-- Information shown follows --
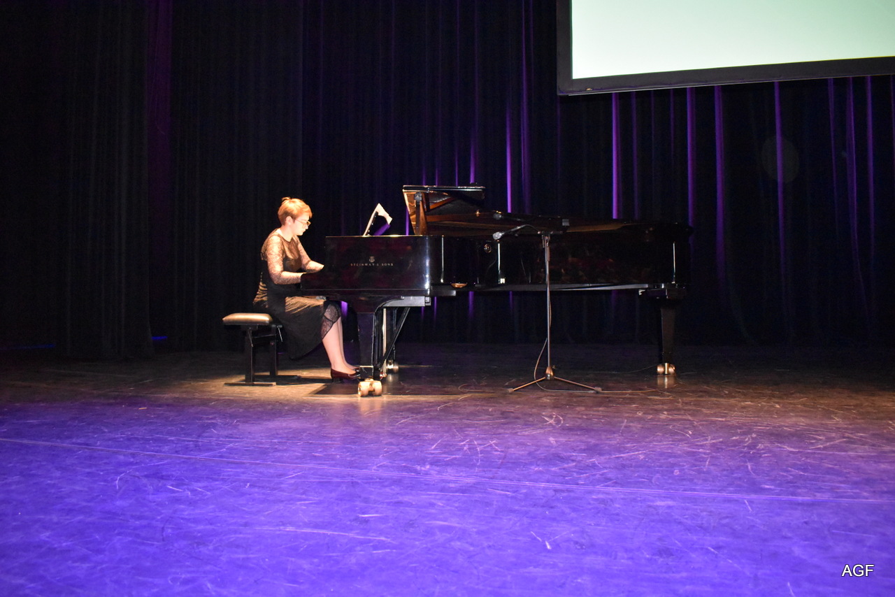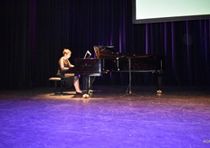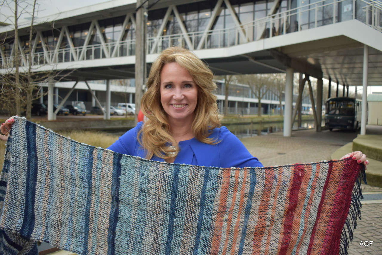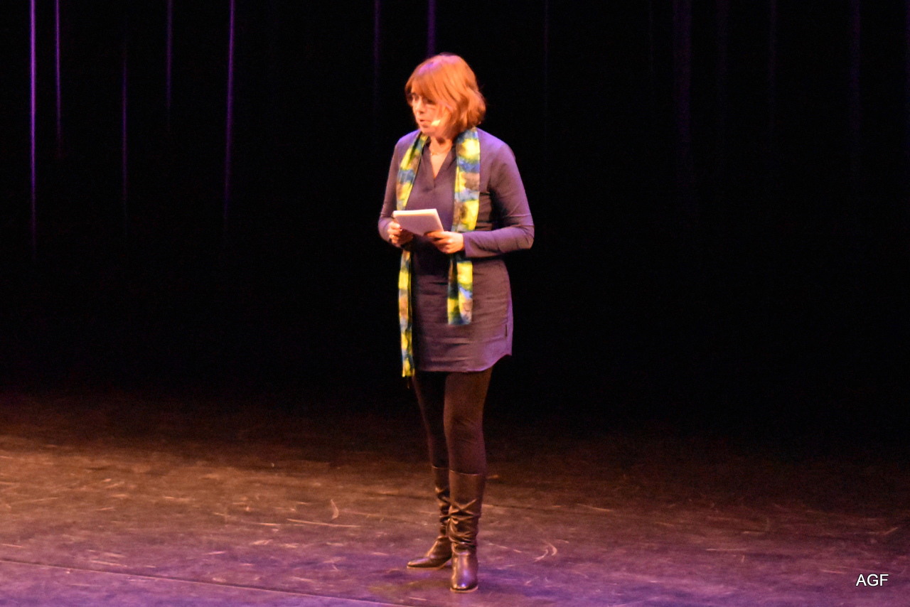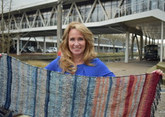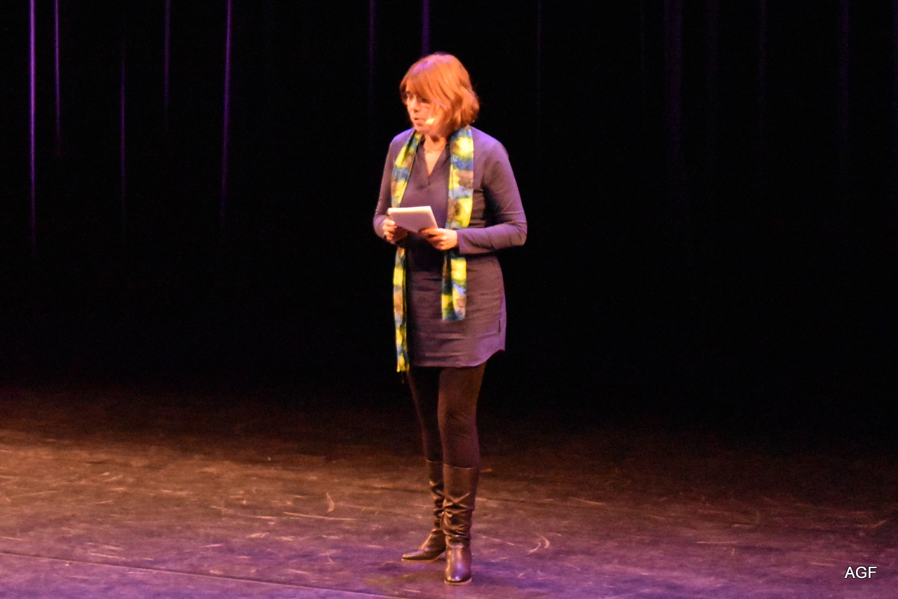 Helga van Leur, sprak over het thema vandaag heb je morgen in handen. Haar sjaal laat zien hoe snel de aarde opwarmt.
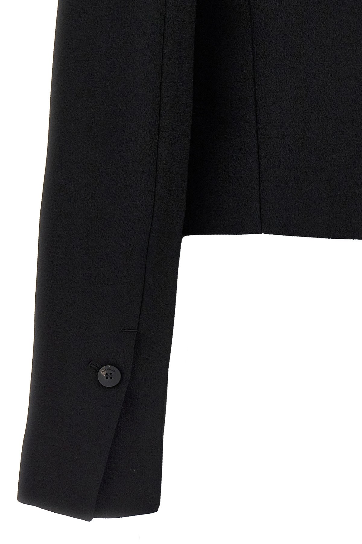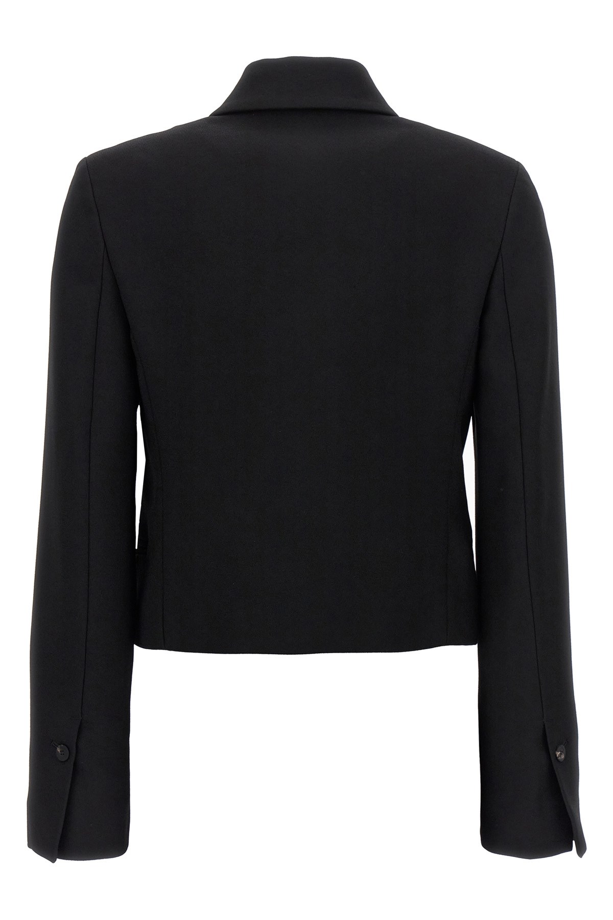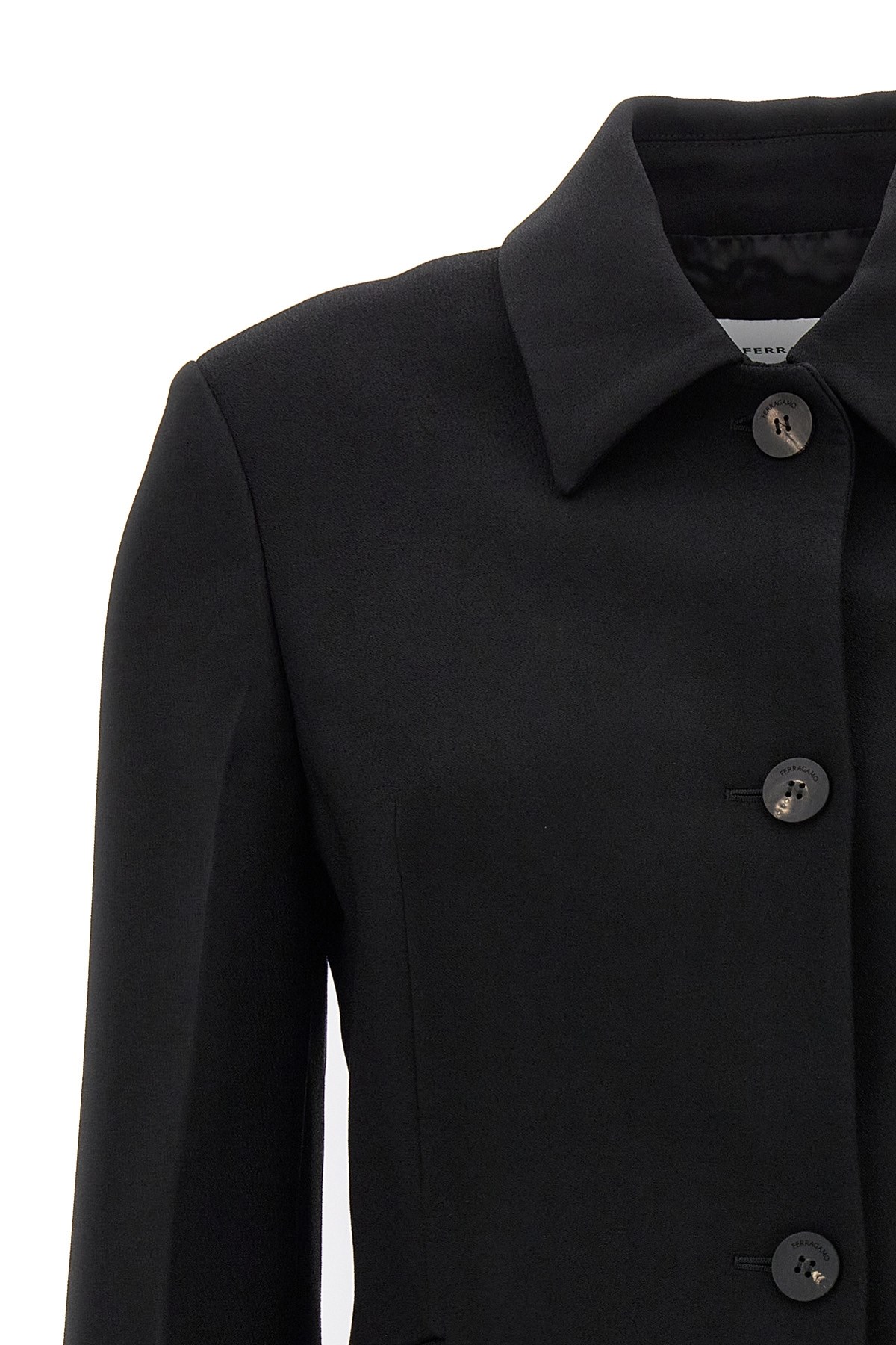 Single breasted viscose blend short jacket with button closure, shirt collar, pockets and long sleeves.
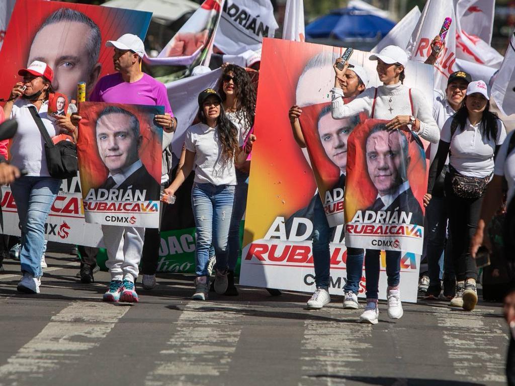 Por una contienda libre y transparente al interior del Frente Amplio por México para la Cdmx, simpatizantes de aspirante Adrián Rubalcava, alcalde de Cuajimalpa con licencia realizaron una movilización de apoyo por las principales avenidas de Paseo de la Reforma.
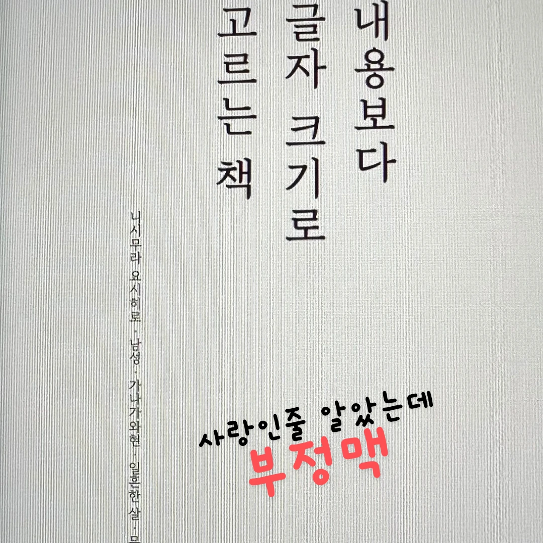 아니나다를까, 58페이지에 “내용보다 글자 크기로 고르는 책”이라고 쓰여 있다.
-- Information shown concluded --
* **Problem details**
Restate the lines above exactly, from the one bearing "Por una contienda" through the final line of the material, both included, omitting pictures.

* **Solution for this task**
 Por una contienda libre y transparente al interior del Frente Amplio por México para la Cdmx, simpatizantes de aspirante Adrián Rubalcava, alcalde de Cuajimalpa con licencia realizaron una movilización de apoyo por las principales avenidas de Paseo de la Reforma.
 아니나다를까, 58페이지에 “내용보다 글자 크기로 고르는 책”이라고 쓰여 있다.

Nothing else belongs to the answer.